CM3104: Large-Scale Databases
School | Cardiff School of Computer Science and Informatics |
Department Code | COMSC |
Module Code | CM3104 |
External Subject Code | 100754 |
Number of Credits | 20 |
Level | L6 |
Language of Delivery | English |
Module Leader | Dr Alia Abdelmoty |
Semester | Autumn Semester |
Academic Year | 2025/6 |
Outline Description of Module
This module explores a range of database technologies that have been motivated by the demands of applications that create massive volumes of data with rapidly changing data types - structured, semi-structured and unstructured data. For example, management of location and geo-spatial information has resulted in extensions to conventional relational databases that can be supported by object-relational database systems. Access to massive quantities of social, scientific and commercial data on the web has resulted in more radical departures from the relational data model. The module introduces the modelling and management of large-scale datasets with a range of modern database technologies, including NoSQL document and graph databases.

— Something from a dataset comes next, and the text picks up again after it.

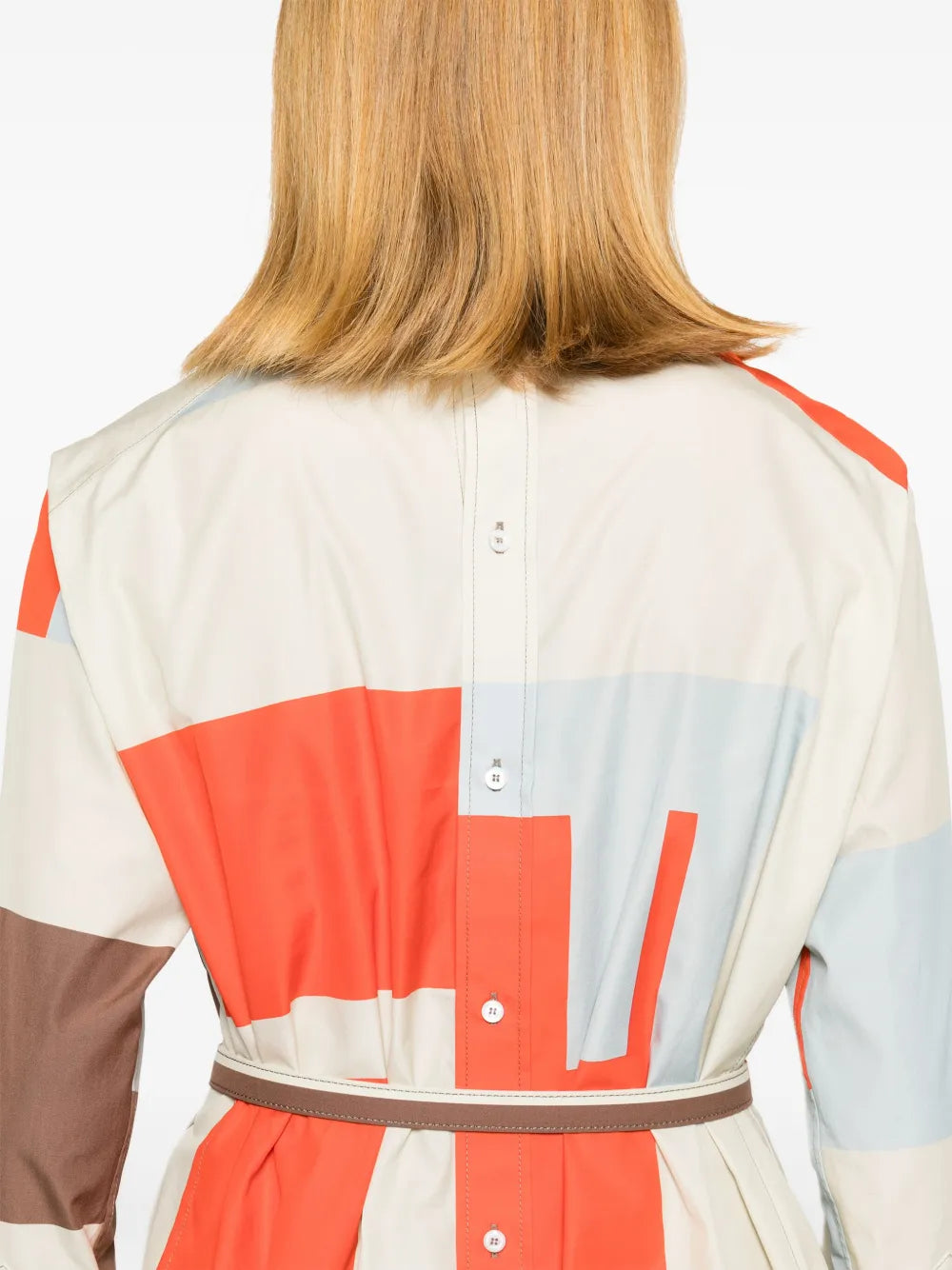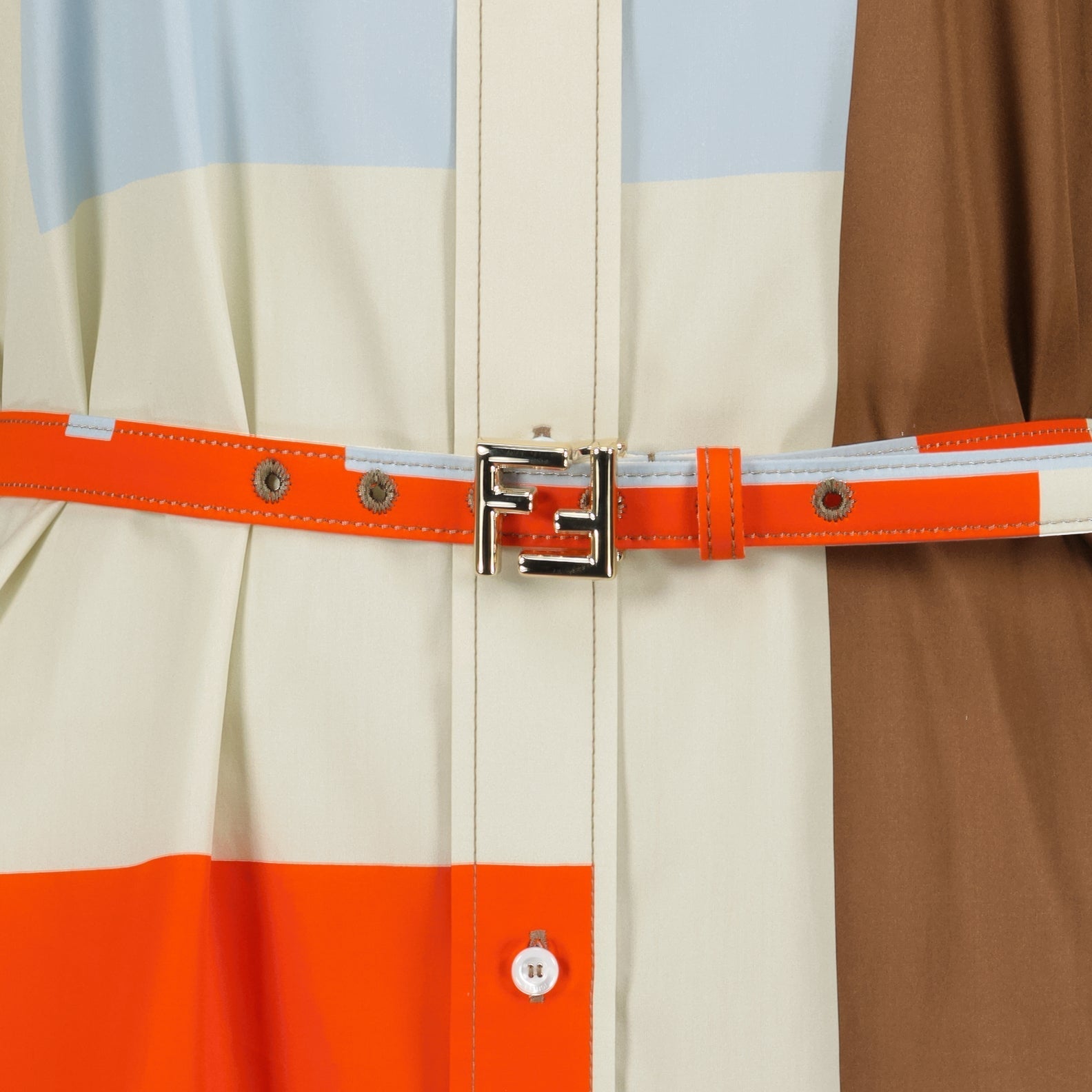 Multicolored Puzzle Print Dress from the Fendi Spring-Summer 2024 collection for Women. Made from poplin. Multicolored item. Officer collar and long sleeves.

On completion of the module a student should be able to
-
Demonstrate an appreciation of applications of large-scale databases in a variety of commercial, scientific and professional contexts;
-
Discuss how relational databases are extended with object-relational technologies to support management of spatial information;
-
Understand the characteristics of and methods of processing geospatial information for purposes of storage and retrieval;
-
Describe non-relational database approaches including document and graph databases to support access to large data sets;
-
Be able to choose and develop a non-relational database solution suitable for the type of data and application considered;
How the module will be delivered
Modules will be delivered through a combination of lectures, online seminars and supervised lab sessions. You will be guided through learning activities appropriate to your module, which may include:
face to face lectures for demonstration and discussion of learning material
lab sessions for application and practice of learning material and assessment support
on-line resources that you work through at your own pace (e.g. videos, web resources, e-books, quizzes),
on-line interactive sessions to work with other students and staff (e.g. discussions, live streaming of presentations, live-coding, team meetings)

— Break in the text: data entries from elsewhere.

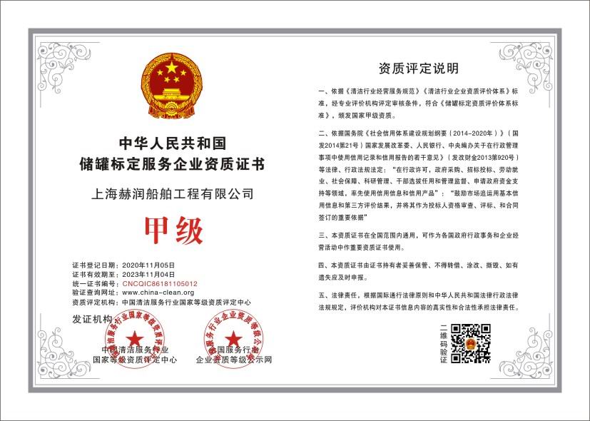 | 储罐标定资质 | 防爆电气资质 | 清罐资质 |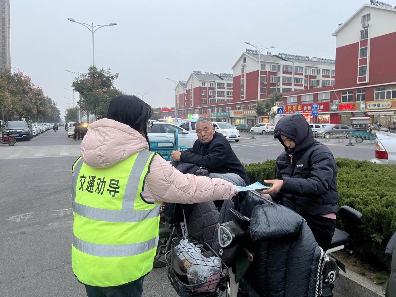 11月24日,德州天衢新区袁桥镇袁桥社区开展“从‘头’做好,道路安全伴你我”主题活动,推动“一盔一带”行动落实到位。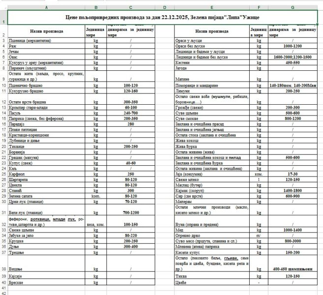 Početna Zlatiborski okrug Užice Pijačni barometar: zelena pijaca "Lipa" Zlatiborski okrugUžice 22. decembar 2025. Objavljeno: 2 sata ranije Pijačni barometar: zelena pijaca “Lipa” Autor: RadioLuna Podelite Facebook Twitter Pinterest WhatsApp - REKLAMA - Foto screenshot obaveštenja RJ Pijac JKP Bioktoš - Advertisement - Tagscenehranapijacservisne informacijezelena pijaca Lipa Podelite Facebook Twitter Pinterest WhatsApp RadioLunahttps://www.radioluna.info - REKLAMA - Vremenska prognoza Užice clear sky enter location 1.6 ° C 1.6 ° 1.6 ° 84 % 1.1kmh 1 % Pon 4 ° Uto 10 ° Sre 6 ° Čet 4 ° Pet 4 ° Poslednje vesti Sport Izuzetan nastup KK “Rujno” na turniru u Kraljevu RadioLuna - 22. decembar 2025. - REKLAMA - Dijalog Užice Skupština o izveštaju DRI: Opozicija zatražila utvrđivanje odgovornih za utrošen novac 15. decembar 2025. Užice Otvoreno pismo: Skupštinska tačka “deponija Duboko” prođe, ali transfer stanica neće 12. decembar 2025. Užice Nenadić: Zagađenje Turskog potoka prisutno od osnivanja deponije / Opozicija: „Duboko“ekološki i komunalni rizik za Užice 12. decembar 2025. Poslednje vesti Sport Izuzetan nastup KK “Rujno” na turniru u Kraljevu 22. decembar 2025. Svet Dan pre ulaska u 2026. godinu, u Danskoj će poštar dostaviti poslednje pismo 22. decembar 2025. Sport Nova Varoš dobila klizalište 22. decembar 2025. Trendovi Er Srbija premašila prošlogodišnji rezultat od 4,4 miliona prevezenih putnika 22. decembar 2025. Užice Pijačni barometar: zelena pijaca “Lipa” 22. decembar 2025. - REKLAMA - Postavite komentar otkaži odgovor Unesite Vaš komentar! molimo Vas unesite Vaše ime Vi ste uneli pogrešnu Email-Adresu molimo Vas unesite Vašu Email-Adresu Save my name, email, and website in this browser for the next time I comment. Δ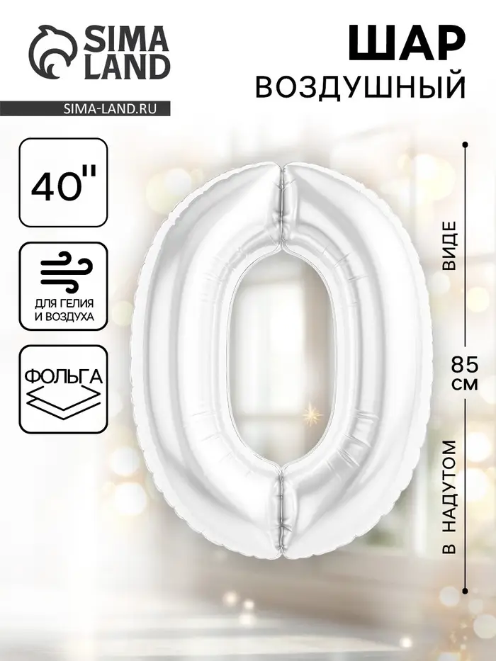 Воздушный шар фольгированный 40" «Цифра 0», белый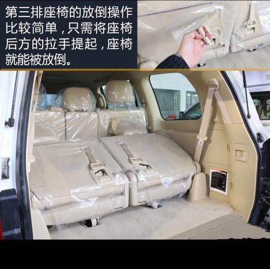 第三排座椅的放倒操作比较简单,只需将座椅后方的拉手提起,座椅就能被放到。

Skills that will be practised and developed
Practice creating and querying NoSQL databases using MongoDB;
Model and query data in Graph databases using Neo4J;
Use of spatial SQL language to store and retrieve spatial/geographic data.
Basic geoparsing methods in Python for place name entity recognition and for geocoding place names.
How the module will be assessed
A blend of assessment types which may include coursework and portfolio assessments, class tests, and/or formal examinations
Students will be provided with reassessment opportunities in line with University regulations.
Assessment Breakdown
Type | % | Title | Duration(hrs) |
---|---|---|---|
Written Assessment | 50 | Coursework | N/A |
Exam online – Autumn semester | 50 | Large Scale Database | 2 |
Syllabus content
Review of applications that require support for massive quantities of data, with reference to Cloud Computing and to Big Data.
Non-relational database management methods (NoSQL) for access to large distributed datasets.
Spatial databases for Geographical Information Systems (GIS), including spatial data models and spatial extensions of SQL.
Methods for indexing spatial data and textual data and methods for geo-referencing documents to support spatio-textual indexing.